(Data extract Opens)

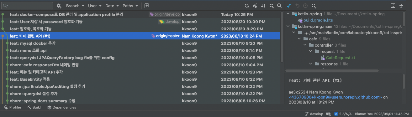 3. 수정 후 git push -f origin develop을 통해 github에 commit 삭제를 알려줍니다.
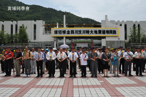 兩岸黃埔人映秀獻花悼念地震遇難者
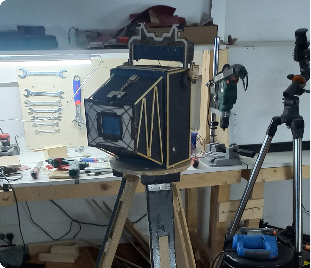 Projeto de máquina fotográfica que simula as máquinas antigas. Feito a partir de uma máquina digital, a característica desta máquina é que o ecrã LCD foi montado na parte frontal juntamente com a câmara para o utilizador com o recurso a um comando com um botão possa captar a sua fotografia sendo que o LCD tem a utilidade de visualização da foto antes de ser captada.

(Data extract Closes)

Exclude the images, then output the data above word for word.

* [Task solution]:
 3. 수정 후 git push -f origin develop을 통해 github에 commit 삭제를 알려줍니다.
 兩岸黃埔人映秀獻花悼念地震遇難者
 Projeto de máquina fotográfica que simula as máquinas antigas. Feito a partir de uma máquina digital, a característica desta máquina é que o ecrã LCD foi montado na parte frontal juntamente com a câmara para o utilizador com o recurso a um comando com um botão possa captar a sua fotografia sendo que o LCD tem a utilidade de visualização da foto antes de ser captada.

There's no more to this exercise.